Fall is my favorite time of year! I love the weather, the colors of the changing leaves, and the FOOD! So, Joanna and I set out on a mission to plan a fall picnic to share with friends. When we started our planning for a fun, fall picnic in the park, we had two goals in mind. First and foremost, we wanted to plan an excuse to get friends together to enjoy the fall weather! Second, we wanted to use that time together to savor the perfect flavors of fall through local, seasonal, and fresh foods. I think we accomplished just that.
I want to focus on the word “local” for a minute. What does “eating local” even mean? And how local is local? In 2005, Jessica Prentice coined the term “locavore” to describe people who strive to eat food that is grown within a 100 mile radius of their home. It’s a movement that promotes frequenting your farmers’ market, getting to know those who produce your food, and growing your own food – even if that just means growing a pot of basil on your windowsill. It’s a way to cut down on the waste and cost that comes with packaged food and reduce the fossil fuel and energy used to transport food across the country or halfway around the world to your table. Check out a few stats from Sustainable Table:
A typical carrot has to travel 1,838 miles to reach your dinner table.

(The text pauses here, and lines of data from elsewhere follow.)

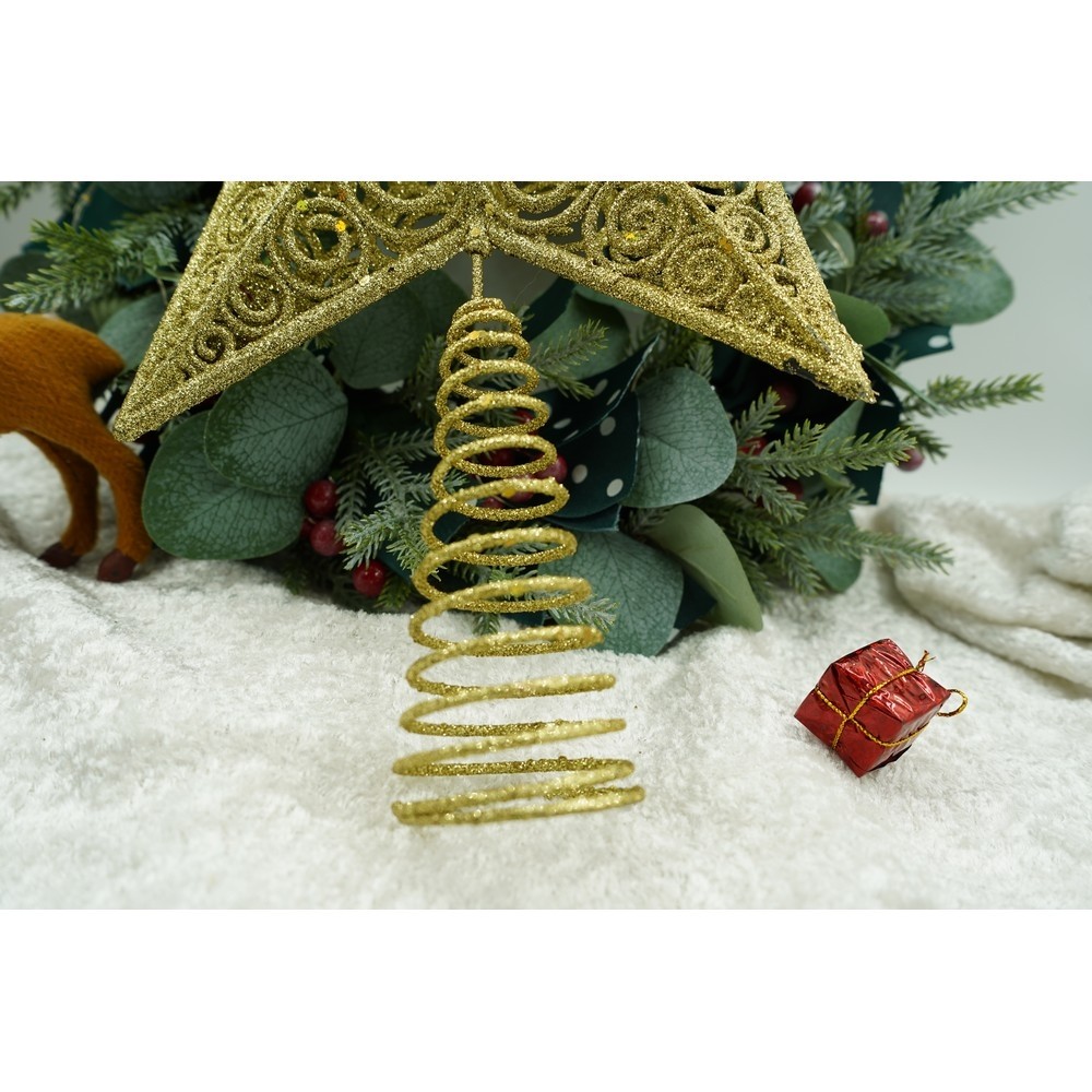 Varf decorativ de brad, Auriu, in forma de Stea, design spiralat, din Plastic/Metal, 29 cm x 38 cm, Interior/Exterior, Flippy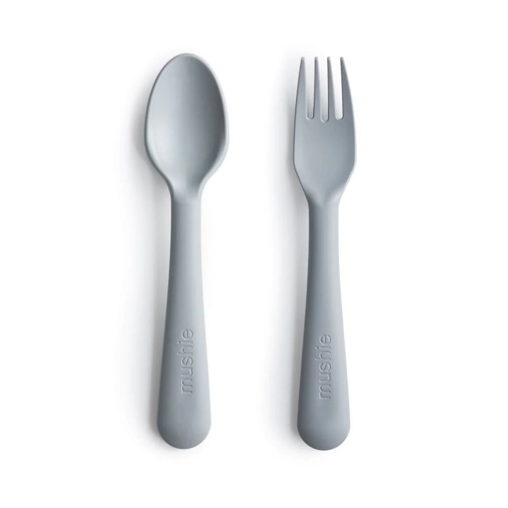Introduce your baby to solid food with Mushie’s plastic fork and spoon set!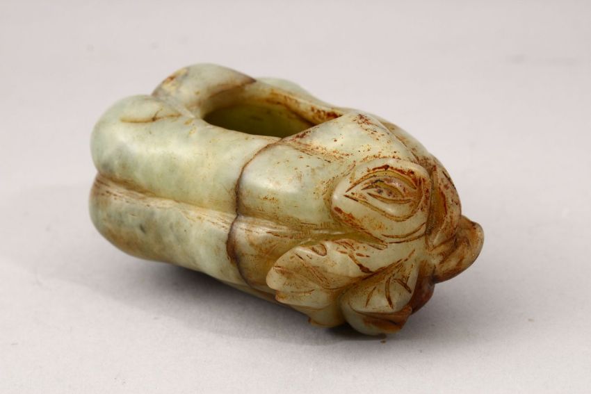 A GOOD 20TH CENTURY CHINESE CARVED JADE BRUSH WASH IN THE FORM OF A FRUIT, 9cm wide.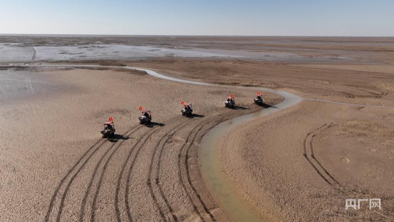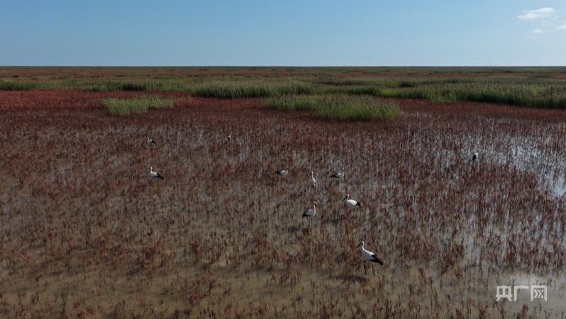 上图为 2023 年 2 月,山东黄河三角洲国家级自然保护区正在进行翅碱蓬机械撒种。下图为 2025 年 8 月,修复后的生态环境吸引了包括东方白鹳在内的多种鸟类前来觅食。(央广网发 杨斌 摄)

In the U.S., a wheat farmer can expect to receive about six cents of each dollar spent on a loaf of bread—approximately the cost of the wrapping. Farmers’ markets enable farmers to keep 80 to 90 cents of each dollar spent by the consumer.
We were mindful of choosing recipes for this picnic that would allow us to purchase locally. You won’t find any strawberries or raspberries in these recipes, because our recipes were picked with the fall season in mind. We will talk more about eating locally in the future on this blog, because it’s a serious passion of ours, but for now let’s get on with the picnic!
When creating a picnic menu, it is critical to develop a menu that allows you to get the full experience of a meal, without the stress of transporting food or creating complicated recipes the day of. We chose recipes that were considered “easy” for level of difficulty and we stuck to plenty of easy-to-eat finger foods to minimize the use of juggling a plate and using multiple utensils. Some may say this meal is more “snacky” than meal-like, but that is my favorite way to eat. Grazing is the best.
Our menu consisted of:
Patterson Orchards apple cider, served nice and hot.
Jalapeno and pepper jelly (purchased from The Fideler Farm, at the farmers’ marker) spread over cream cheese, served with crackers.
Crostata with mushrooms and pancetta. Check out the Food Network’s website for this recipe.
Prosciutto with pears and arugula. This is another recipe from the Food Network.
Curried sweet potato and apple soup. Another Food Network delicacy.
Butternut squash and vanilla risotto. Giada De Laurentiis knew what she was doing when she created this one.
Elegant Farmer banana bread
Milwaukee Cupcake Company’s pumpkin spice latte and caramel apple cupcakes
Consider getting your group of friends or family together this year to enjoy the beautiful fall season. It’s a great time to be outside – who doesn’t love jeans and comfy sweatshirt weather? The day was even better since we brought some games along with us to play in the park. The guys broke off and played bocce ball and the girls played a game of bean bags.
Since we made so many tasty treats, we will take this entire week to share and get in depth with the recipes and delicious tastes with you!
What is your favorite fall recipe or food? If you buy it from a local farm or producer, who do you buy it from? Please share your fall food finds with us!